Cada 15 de septiembre, el camino que conduce hasta el Calvario de Alcorisa cambia su fisonomía. Los estandartes vuelven a salir a la calle, aparecen los trajes regionales y la música tradicional acompaña a una comitiva que convierte la subida al monte en uno de los momentos más reconocibles de las fiestas de la localidad.
Así volvió a ocurrir este 2026. Vecinos y participantes recorrieron el camino hasta la ermita en una jornada en la que estuvieron presentes la Comparsa de Gigantes y Cabezudos, los Dulzaineros de Alcorisa, representantes municipales y las Majas. Este año, además, la Comisión de Fiestas había llamado a participar a mujeres que habían ostentado este papel en distintas épocas, lo que reunió a antiguas Majas junto a las representantes actuales.

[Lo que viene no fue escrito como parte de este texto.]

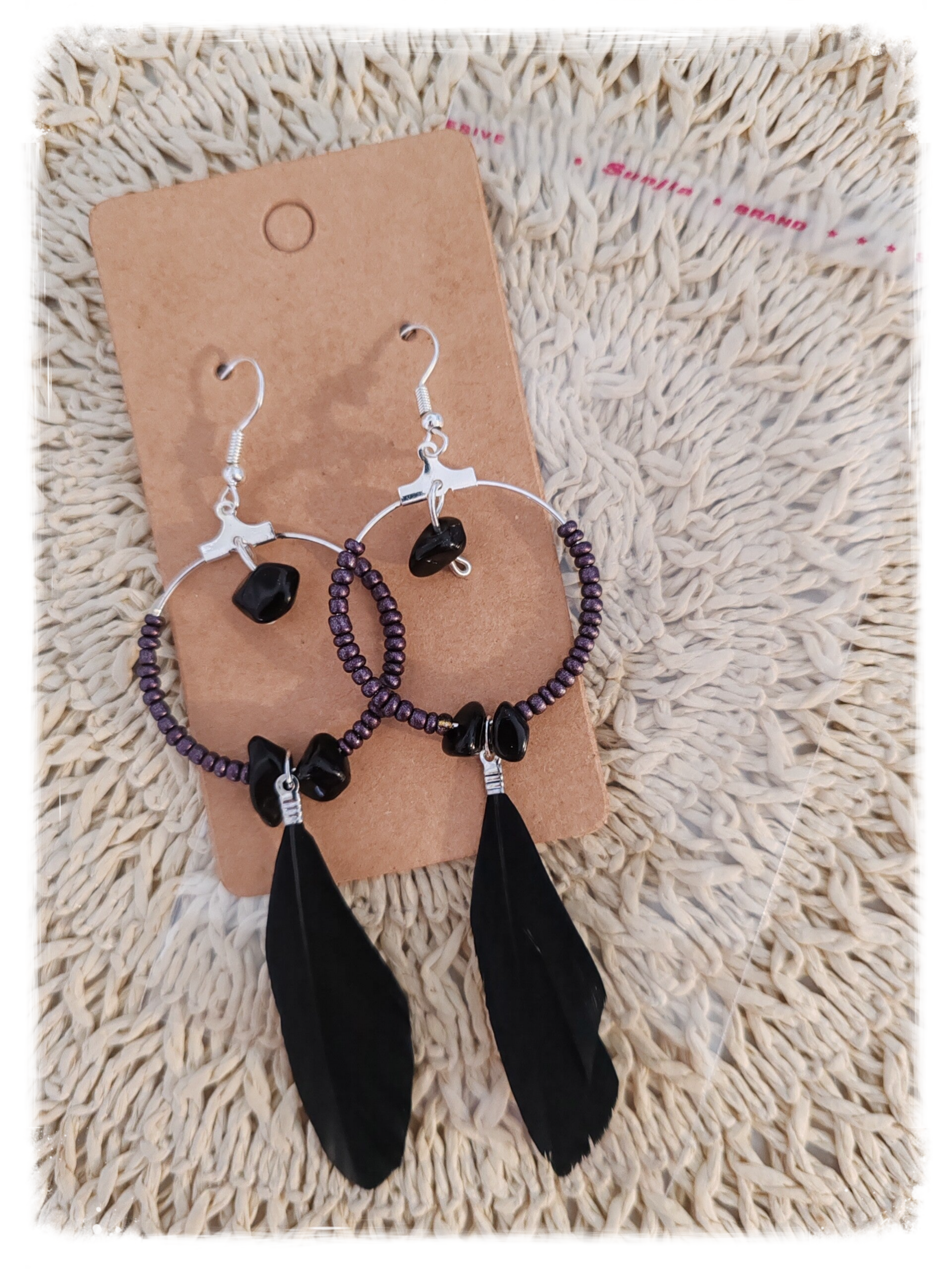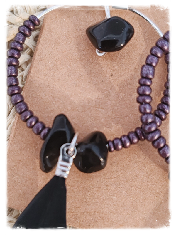 Pierre noir, petite perle voilette, plume noir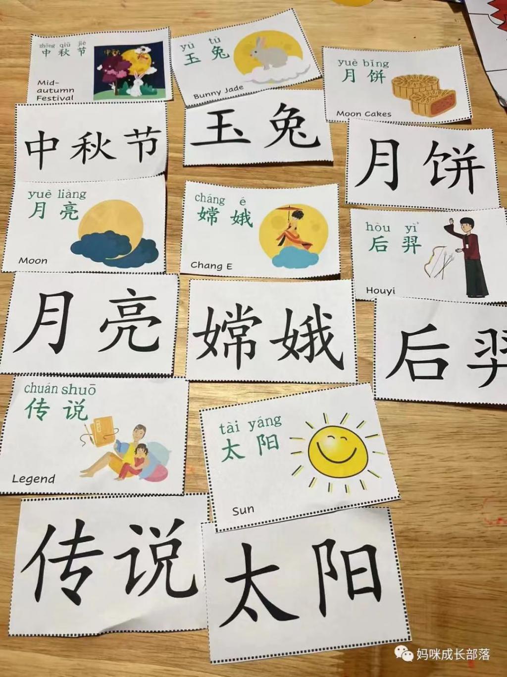 关于中秋节的中英文闪卡也可以准备起来,带学生们玩“词语躲猫猫”的游戏:把词卡藏在不同位置,再让学生把对应的词汇找出来。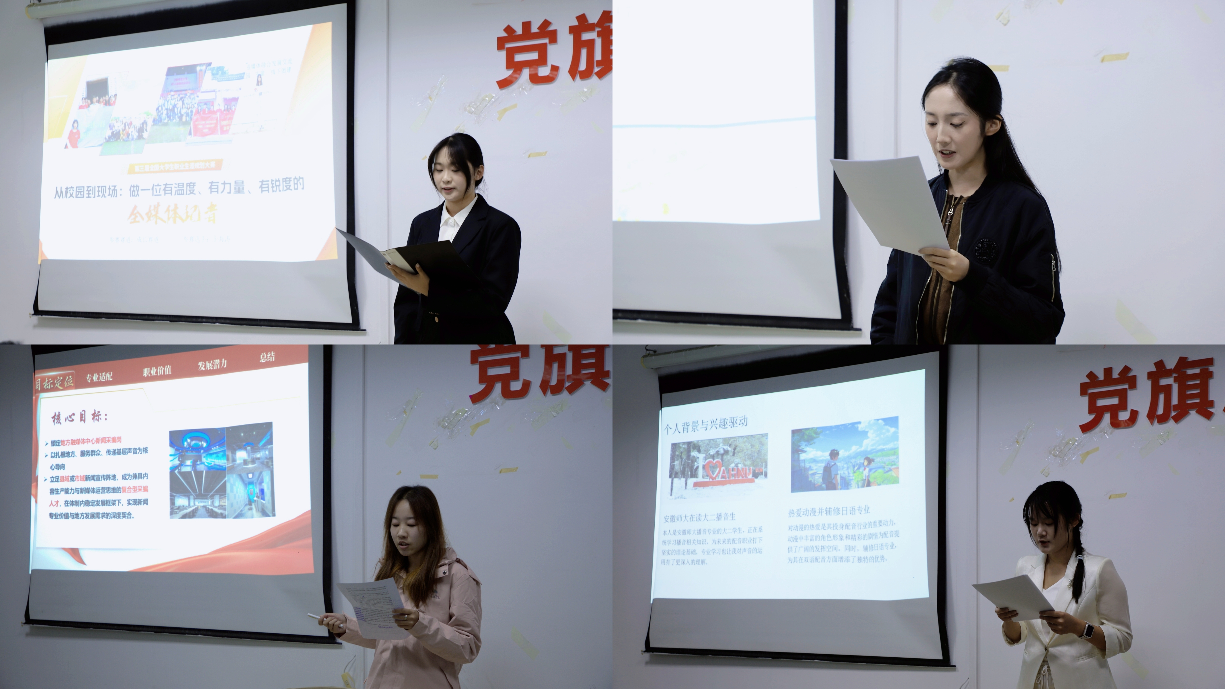 经过前期班级选拔,此次共14位选手脱颖而出。比赛分为就业赛道和成长赛道,选手通过PPT展示与现场答辩,从自身经历、奋斗道路等方面阐述各自的职业理想与规划。他们立足专业背景,结合国家发展趋势,充分展现新传学子深厚的专业积累与前瞻性的规划能力。比赛最后,刘成俊就选手的主题与汇报内容进行点评,肯定他们想法的同时也指出不足,他鼓励选手发挥专业基础,明确清晰的职业目标,在汲取经验,完善自我的过程中不断前行。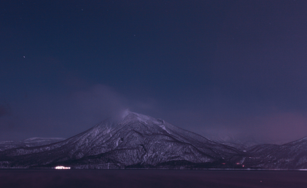 支笏湖の対岸にそびえる恵庭岳の夜景です。札幌は吹雪ですが、一山越えた支笏湖は晴れています。カメラで長時間露光すると、肉眼では見えない恵庭岳が浮かび上がります。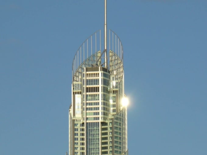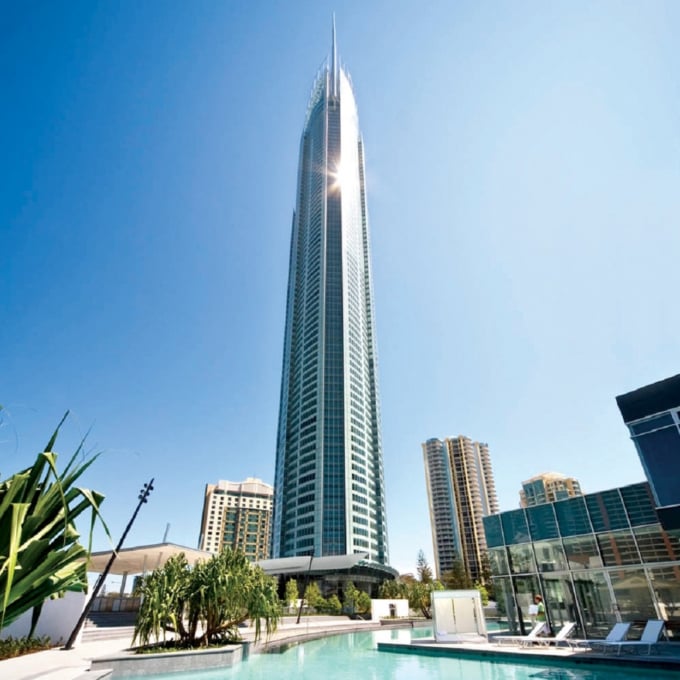 Among the high-rises of the Gold Coast, the most strikingly tall building is “Q1” (short for Queensland Number One). It towers right next to Surfers Paradise Station.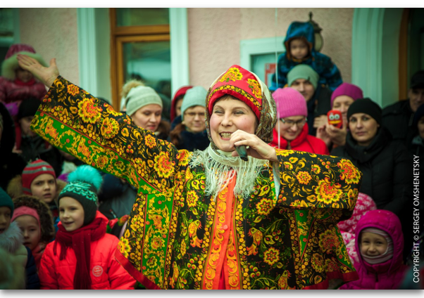 А завершилась масленичная неделя уличным представлением. Вместе со сказочными персонажами гости праздника мерились силой, пели частушки и танцевали.

La celebración forma parte de las Fiestas Mayores de Alcorisa, dedicadas a la Exaltación de la Santa Cruz y al Señor del Sepulcro Glorioso. El 15 de septiembre constituye tradicionalmente una de sus jornadas de mayor carga simbólica, con la subida en comitiva y la posterior celebración religiosa en el entorno del Calvario.
Una promesa con más de tres siglos de historiaLa costumbre va mucho más atrás que las actuales fiestas patronales. La documentación recogida por el Catálogo Cultural del Bajo Aragón sitúa uno de sus antecedentes fundamentales en 1685, cuando la villa de Alcorisa renovó una antigua promesa de subir en procesión solemne hasta la ermita del Santo Sepulcro. Según esta fuente, aquel voto colectivo se vinculaba al agradecimiento por haber quedado la localidad libre de los efectos de una plaga de langosta.

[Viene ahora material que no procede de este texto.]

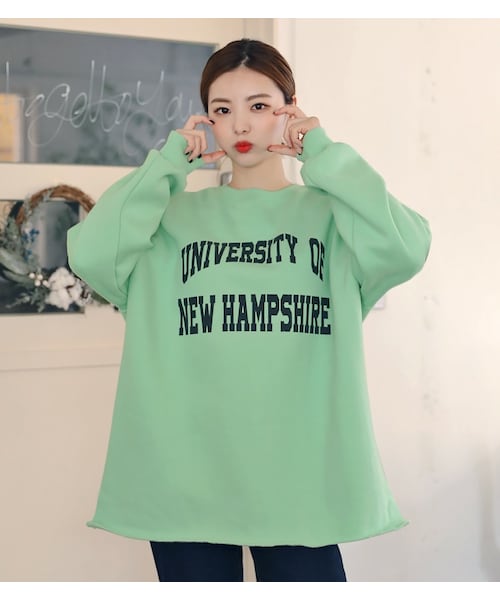 ルーズシルエットで体型をカバーし、ドロップショルダーラインで華奢なシルエットを演出します。ヒップを覆う着丈感で誰でも気軽に着用でき、丈夫に仕上げたネックラインと袖口で外部からの風を遮断し暖かく着られます。裾のスリットディテールで動きやすさをプラス!ふわふわな両起毛素材で毎日着たくなります♥フロントのプリントでカジュアルなポイントをプラスしたデイリースウェット、グレー、ミント、ライトベージュの3カラー展開です。

Con el paso del tiempo, el acto también fue transformándose. Hasta la década de 1970, la procesión llegaba hasta la ermita del Santo Sepulcro y posteriormente trasladaba la imagen del Cristo Yacente hasta la ermita de San Juan. Desde entonces, la celebración religiosa pasó a desarrollarse directamente en la explanada de la ermita del Calvario.
Esa continuidad explica que la subida sea hoy algo más que uno de los actos incluidos en un programa festivo. Estandartes, indumentaria aragonesa, música y participación vecinal han ido convirtiendo la jornada en una expresión colectiva que conecta las fiestas actuales con la memoria de generaciones anteriores.